Как и ожидалось, ориентирование ужасно скучное. Пока динамики что-то там бубнят, я смотрю по сторонам и изучаю лица своих новых одноклассников. Захочет ли кто-нибудь из них подружиться со мной? У меня возникает знакомое чувство надежды. В первый год я пропустила второй курс, а потом еще три. Каждый раз, я надеюсь, что перескакивание через курс и погружение в класс полного новыми студентами, возможно, даст мне еще один шанс на обретение друзей. И вот, теперь я в новой школе, и вероятность завязывания отношений с некоторыми студентами в начале года должна быть очень высокой. Многие первокурсники должны быть не из Лос-Анджелеса; им тоже нужны друзья. Я должна попытаться.
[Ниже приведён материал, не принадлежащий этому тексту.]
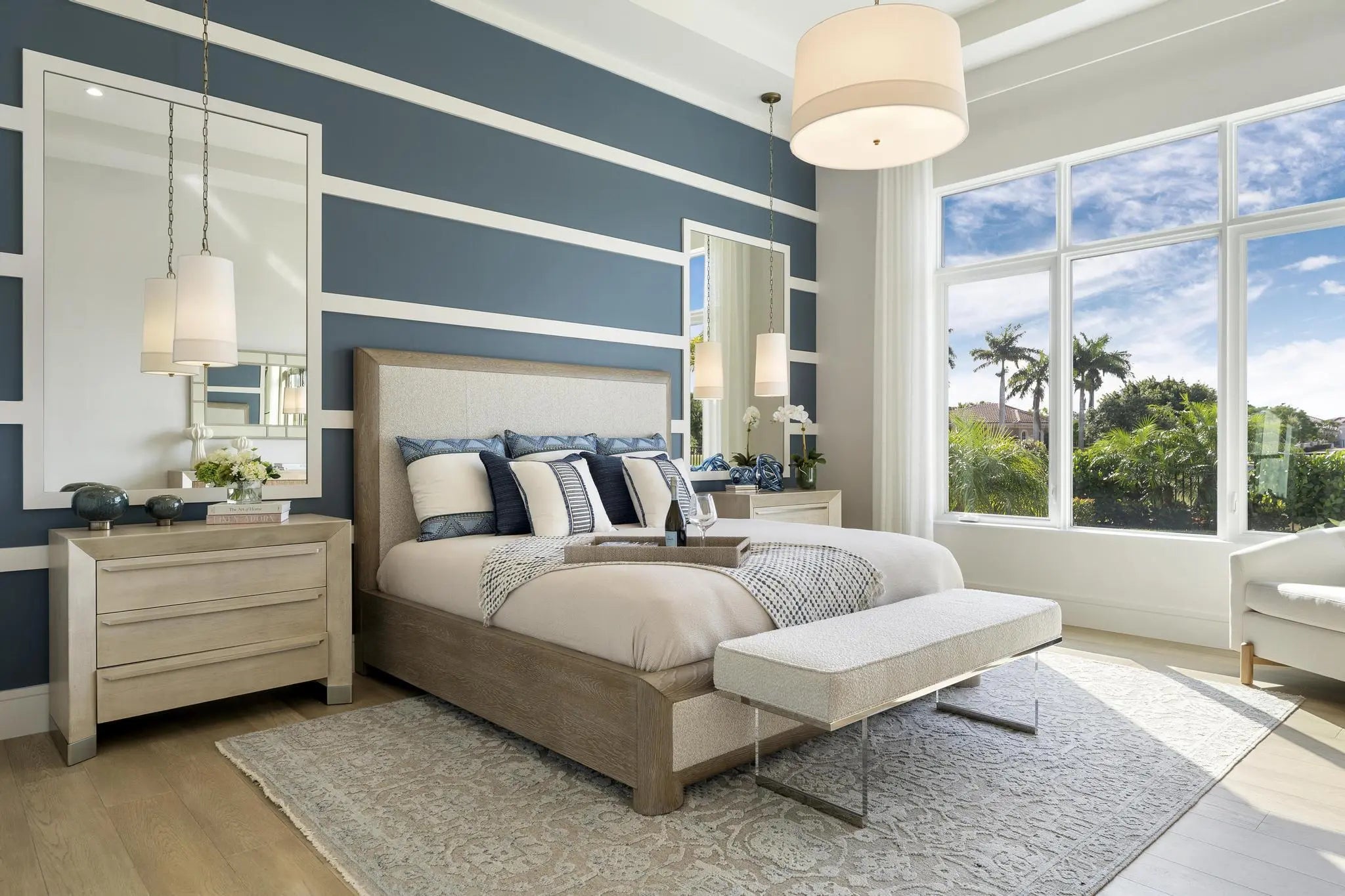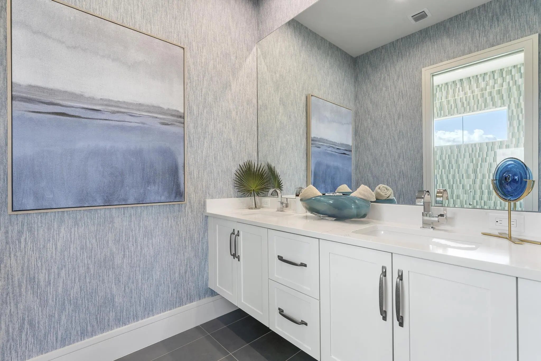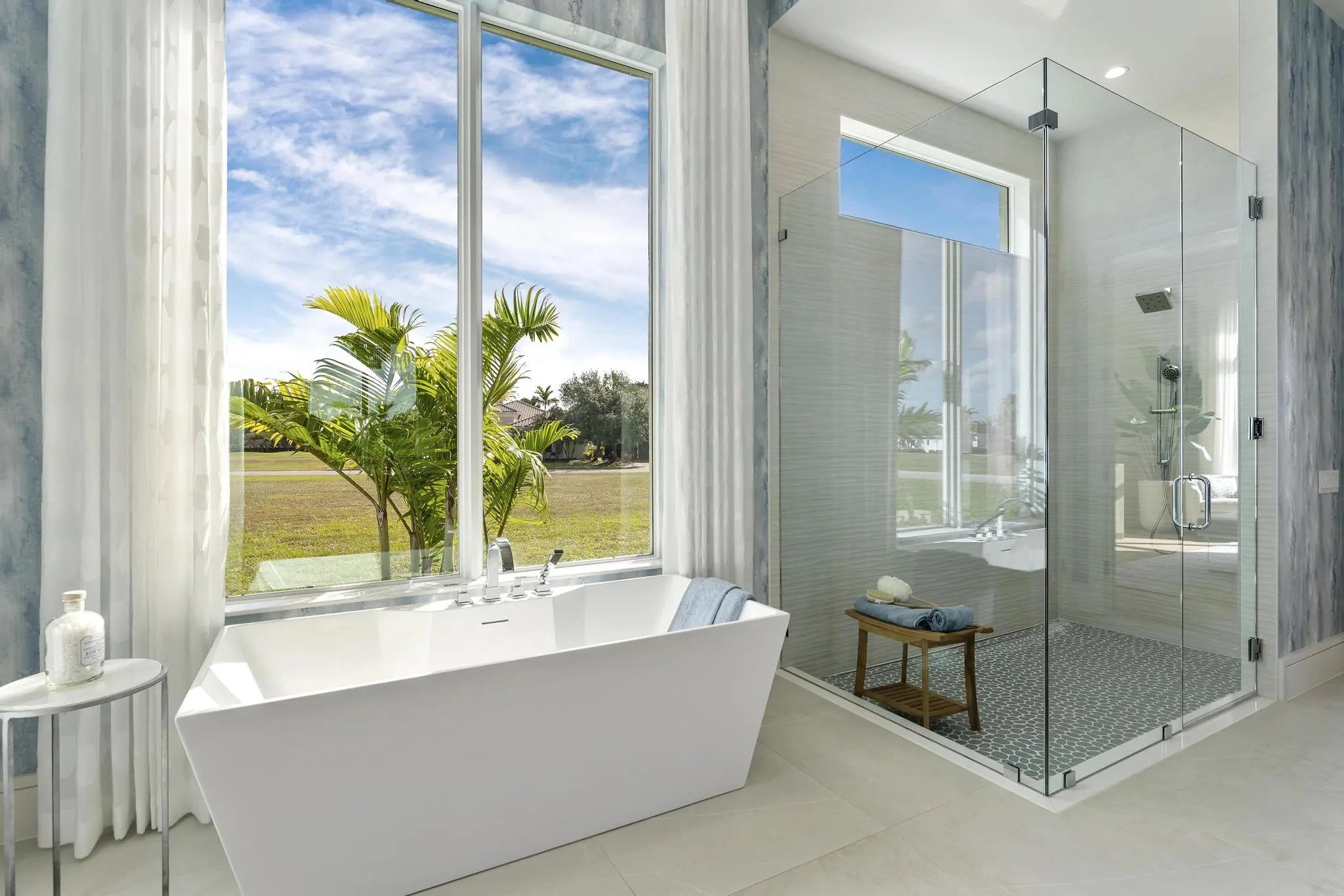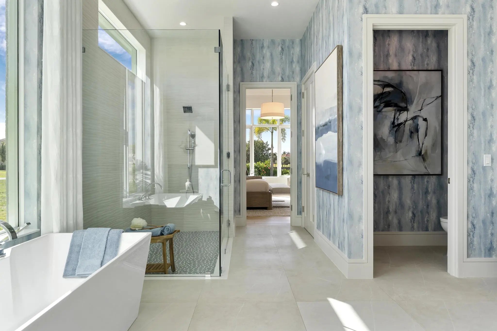 Beyond the gates of Tesoro awaits a lifestyle of luxury in this stunning model home by Ecclestone Signature Homes. Featuring three bedrooms plus a flexible den, the residence offers sweeping golf course and water views, premium upgrades, and designer finishes throughout. The Coastal Modern open floor plan boasts soaring ceilings and seamless indoor-outdoor living, highlighted by a spacious patio with a custom TV wall. Impact windows and doors add peace of mind, while the home's impeccable decor curated by a renowned South Florida designer completes this exceptional offering.

К тому времени, как мы высиживаем всю речь до конца, на часах без девяти минут 11:00 и мой желудок начинает урчать. Другие студенты рядом со мной (все, по крайней мере, на курс старше меня, судя по цветам полос на их униформе, которая означает, что я уселась со второкурсниками вместо первокурсников) выглядят совершенно равнодушными. Может быть, студенты постарше в столь ранний час не успевали проголодаться. Я почувствовала себя немного неловко и попыталась забыть о голоде. Парочка студентов ухмыльнулись и приподняли брови, поглядев в мою сторону, как бы подчеркивая тот факт, что я не одна из них. Я остаюсь сидеть, спина прямая, и стараюсь напомнить себе слова Метиаса.
Ориентирование наконец-то заканчивается, и мы все идем на наше первое занятие. Я остаюсь с группой студентов с галерки, позволяя своему наушнику, настроится на карту кампуса. Это место просто огромное (по крайней мере, раз в десять больше моей предыдущей школы) и я быстро делаю примечание, возле каких зданий группируются студенты моего курса. Если я сегодня и заблужусь в кампусе, то буду знать, в каких зданиях вероятнее всего будут проходить мои занятия.
Неожиданно, кто-то толкает меня сзади. Я лечу вперед, спотыкаюсь и едва ли не падаю носом на пол, во время этого процесса, толкаю еще одну студентку. Мы обе всё-таки падаем.
— Извини, — выдавливаю из себя я, поднимаясь на ноги. Я протягиваю руку другой девчонке. Она благодарно её принимает. Но, когда она видит толкнувшего нас, то отводит глаза и, встав, уходит. Я хмурюсь. Когда же я оборачиваюсь, то вижу парня (второй курс, судя по золотым полосам на форме вдоль рукавов, что означает, что ему, по крайней мере, лет семнадцать), который запрокидывает голову и смеется, увидев выражение моего лица. Он идет с группой друзей.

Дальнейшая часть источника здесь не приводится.